Provable Scaling Laws of Feature Emergence from Learning Dynamics of Grokking
Yuandong Tian
TL;DR
The paper introduces Li$_2$, a principled gradient-dynamics framework that decomposes grokking into three stages: lazy learning, independent feature learning, and interactive feature learning. It shows how leaked gradient signals in Stage I trigger Stage II’s energy-driven, nodewise feature emergence, and how Stage III interactions promote diversity and refinement via repulsion and top-down modulation, with Muon accelerating exploration. The framework provides provable scaling laws for when features generalize versus memorize, characterizes local maxima of an energy landscape tied to nonlinear canonical correlation, and extends to deeper architectures. It also explains the role of hyperparameters (weight decay, learning rate, data size, Muon) in shaping grokking and provides a path toward first-principles understanding of feature emergence in structured-input settings.
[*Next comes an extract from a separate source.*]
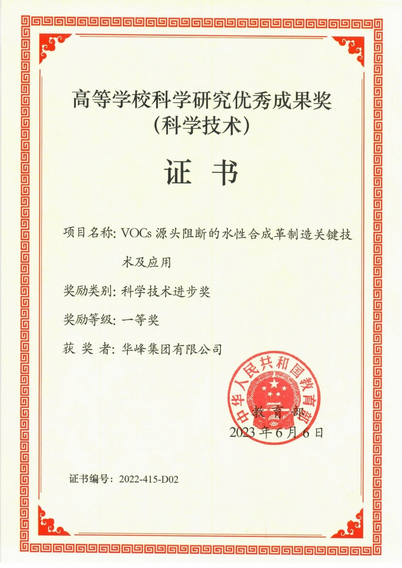 近日,由九五贵宾会集团与四川大学联合研发的“VOCs源头阻断的水性合成革制造关键技术及应用”项目斩获教育部2022年度高等学校科学研究优秀成果科技进步一等奖。该奖项由全国高校、同行专家审议选定,分量仅次于国家自然科学奖、国家技术发明奖和国家科技进步奖等三大奖的重要科技奖项。

The results unify group-theoretic structure with gradient dynamics to account for efficient feature representations and generalization under data constraints, with practical implications for optimizer design and data-efficiency in structured tasks.
Abstract
While the phenomenon of grokking, i.e., delayed generalization, has been studied extensively, it remains an open problem whether there is a mathematical framework that characterizes what kind of features will emerge, how and in which conditions it happens, and is closely related to the gradient dynamics of the training, for complex structured inputs. We propose a novel framework, named $\mathbf{Li}_2$, that captures three key stages for the grokking behavior of 2-layer nonlinear networks: (I) Lazy learning, (II) independent feature learning and (III) interactive feature learning. At the lazy learning stage, top layer overfits to random hidden representation and the model appears to memorize, and at the same time, the backpropagated gradient $G_F$ from the top layer now carries information about the target label, with a specific structure that enables each hidden node to learn their representation independently. Interestingly, the independent dynamics follows exactly the gradient ascent of an energy function $E$, and its local maxima are precisely the emerging features. We study whether these local-optima induced features are generalizable, their representation power, and how they change on sample size, in group arithmetic tasks. When hidden nodes start to interact in the later stage of learning, we provably show how $G_F$ changes to focus on missing features that need to be learned. Our study sheds lights on roles played by key hyperparameters such as weight decay, learning rate and sample sizes in grokking, leads to provable scaling laws of feature emergence, memorization and generalization, and reveals why recent optimizers such as Muon can be effective, from the first principles of gradient dynamics. Our analysis can be extended to multi-layers. The code is available at https://github.com/yuandong-tian/understanding/tree/main/ssl/real-dataset/cogo.